Activity:
When the listing below reaches the line that has "在20国集团成员国中,只有5", start reproducing exactly; stop after the line that has "under CC BY 4.0", and drop the pictures.
== == ==
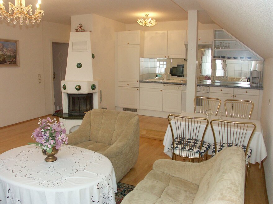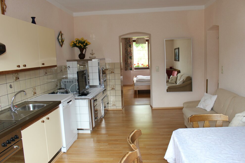 kuchenka elektryczna, pokój odizolowany od hałasu, bez dywanu, otwarta kuchnia, suszarka do włosów, ogrzewanie centralne, telewizja kablowa, bielizna stołowa i kuchenna, radio, zmywarka, lodówka, salon/sypialnia oddzielone, pokój/ apartament w spokojnej okolicy, możliwość przygotowywania posiłków, ekspres do kawy, pościel do dyspozycji, telewizor, oddzielna sypialnia: 2, ogrzewanie, Größe m²: 60, zlew do mycia naczyń, lodówka do dyspozycji, naczynia kuchenne do dyspozycji gości, zwierzeta domowe za porozumieniem, piekarnik, pokój dla niepalących, podstawowe umeblowanie, czajnik bezprzewodowy, WiFi, ogród, pojemnik do zamrażania, ręczniki do dyspozycji
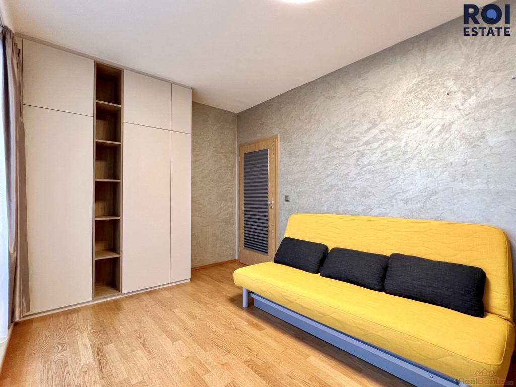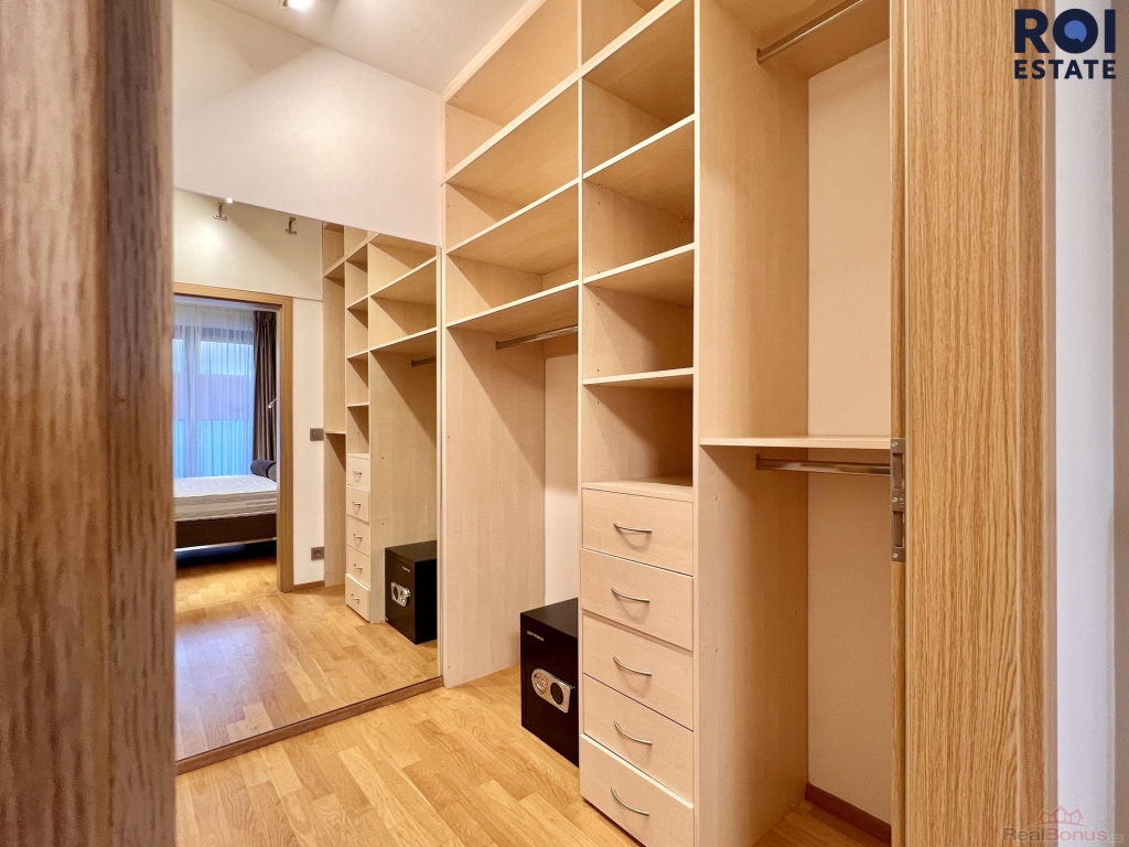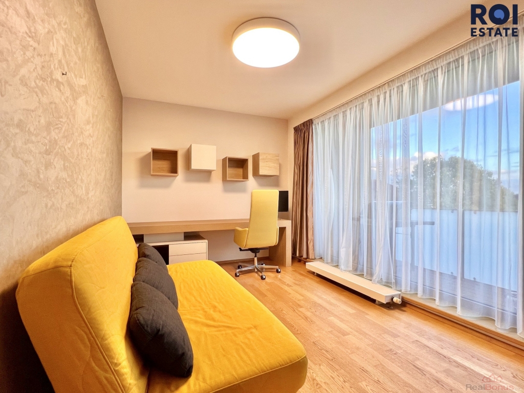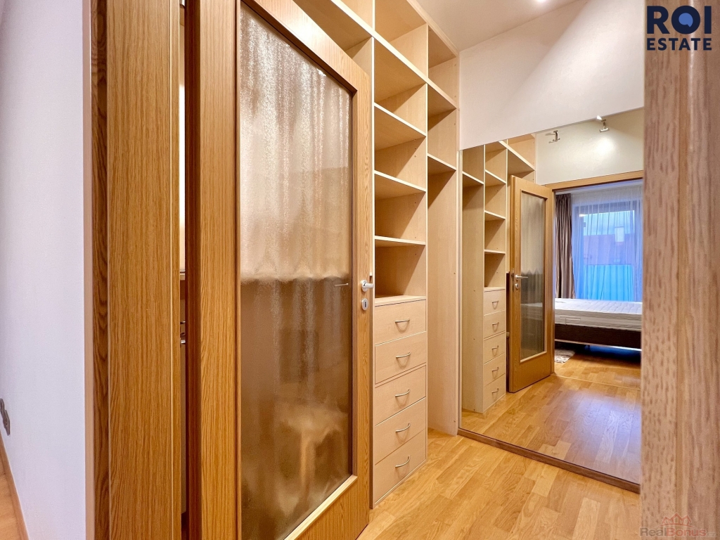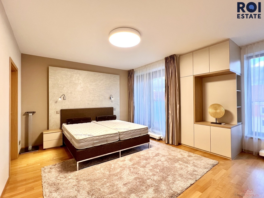 1. Ložnice: vybavena manželskou postelí vč. kvalitní matrace a vestavěného nábytku. Bezpochyby největší výhodou ložnice je oddělená šatna navržená firmou Woodface, která k ní náleží a menší soukromý balkon.
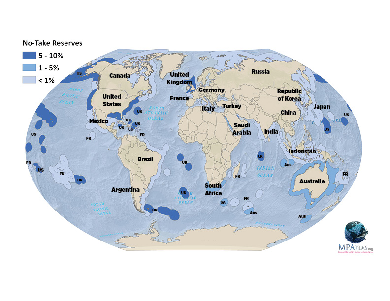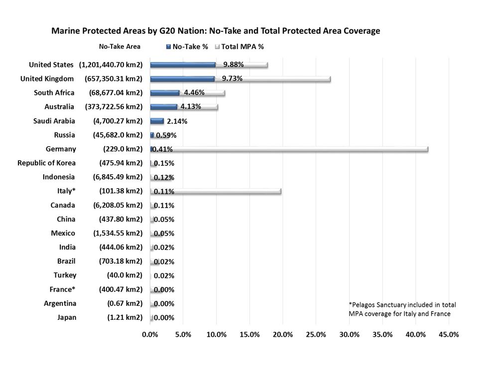 在20国集团成员国中,只有5个国家将其管辖范围内超过1%的海洋区域保护为禁捕保护区。美国以9.88%的高度保护水域领跑,英国以9.73%的高度保护水域紧随其后。南非排名第三,保护率为4.46%,澳大利亚排名第二,保护率为4.13%,沙特阿拉伯排名第五,保护率为2.14%。其余20国集团成员国只有不到1%的海洋得到了强有力的保护:俄罗斯、德国、韩国、印度尼西亚、意大利、加拿大、中国、墨西哥、印度、巴西、土耳其、法国、阿根廷和日本。
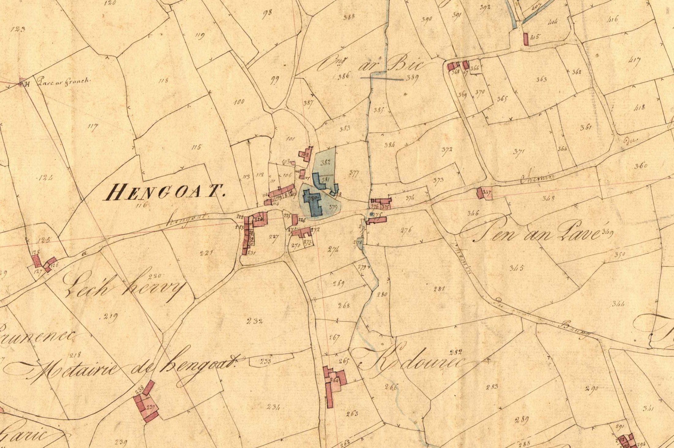 Le bourg en 1835. Extrait du cadastre ancien, section B1 (A.D. 22, série 3P 078)Immatriculation
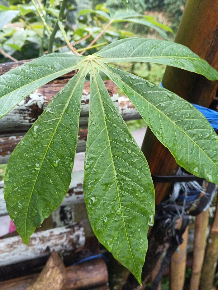 - "A close-up, downward-angled view captures a large, vibrant green cassava leaf, deeply lobed with seven distinct leaflets fanning out from a central petiole" by FM-cIHJ92, licensed under CC BY 4.0
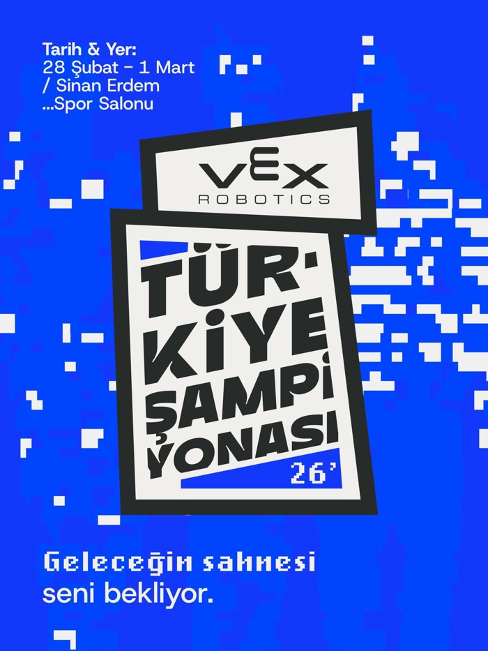 YETEV (Yeni Türkiye Eğitim Vakfı), Intechne ve Educat iş birliğiyle düzenlenen, dünyanın en büyük robotik organizasyonu unvanına sahip VEX Robotics'in Türkiye Şampiyonası, 28 Şubat - 1 Mart 2026 tarihlerinde İstanbul Sinan Erdem Spor Salonu'nda gerçekleştirilecek. Türkiye'nin dört bir yanından gelen 120 robot takımı, Amerika Birleşik Devletleri'nde düzenlenecek Dünya Şampiyonası'na (VEX Worlds) katılabilmek için kıyasıya mücadele edecek.
== == ==
Written response:
 在20国集团成员国中,只有5个国家将其管辖范围内超过1%的海洋区域保护为禁捕保护区。美国以9.88%的高度保护水域领跑,英国以9.73%的高度保护水域紧随其后。南非排名第三,保护率为4.46%,澳大利亚排名第二,保护率为4.13%,沙特阿拉伯排名第五,保护率为2.14%。其余20国集团成员国只有不到1%的海洋得到了强有力的保护:俄罗斯、德国、韩国、印度尼西亚、意大利、加拿大、中国、墨西哥、印度、巴西、土耳其、法国、阿根廷和日本。
 Le bourg en 1835. Extrait du cadastre ancien, section B1 (A.D. 22, série 3P 078)Immatriculation
 - "A close-up, downward-angled view captures a large, vibrant green cassava leaf, deeply lobed with seven distinct leaflets fanning out from a central petiole" by FM-cIHJ92, licensed under CC BY 4.0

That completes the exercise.